The Northern Neck connection comes from the original Capitol building having been constructed with Aquia sandstone from Stafford County. In the 1950s then Speaker of the House of Representatives, Sam Rayburn, wanted to extend the East Front of the Capitol.
The expansion pushed the building out 32 feet, and in the process replaced the sandstone façade with white marble. When the previous front was dismantled, some of the stones were cut into commemorative pieces, such as this one, and the massive columns were re-erected as a sculpture garden at the National Arboretum in Northeast Washington.
Some of the commemorative pieces were given to members of Congress, and others were sold to help defray the cost of the renovation. The sandstone front had been deteriorating, but many groups still objected to the change on the basis that it made the building look like a wedding cake by obliterating the soaring aspect of the great dome.

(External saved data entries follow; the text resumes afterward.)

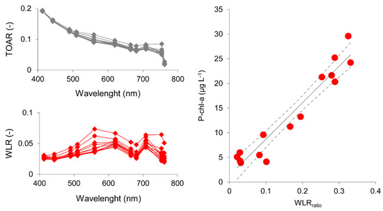 Left panels: spectral signatures of nine Lake Occhito sampling stations (St2, St3, St4, St5, St7, St8, St9, St10, and St11), before (upper panel) and after (lower panel) the atmospheric correction; TOA = Top Of Atmosphere Reflectance, WLR = Water Leaving Reflectance. Right panel: linear regression (solid line) between WLRratio computed with Equation (1) and the P. rubescens chlorophyll-a (P-chl-a) concentrations measured in the field through multiple stations fluorometric profiles in the corresponding sampling stations. Dashed lines represent the 95% confidence interval, P-chl-a: 3–29 µg L−1.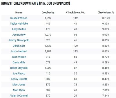 Captain Checkdown: Examining NFL quarterbacks by their reliance on checkdown passes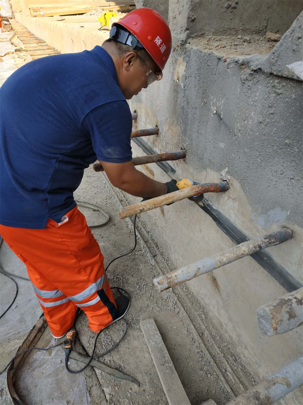 3:切割完毕后对橡胶止水带进行打磨,去除杂物,打磨到漏出新面。

Determining a value for this single bookend is difficult, as comparables are not available. The piece has more historic value than antique value inasmuch as it is a piece of American history. The plaque contributes to the overall value by placing the piece in its historical context. I suspect in a suitable auction or on the Internet, the price could exceed $100. Collectors of Capitol memorabilia should be eager to have it, and if a second one could be found, the pair would be more than double that amount. This is a grand souvenir of the most important building in America.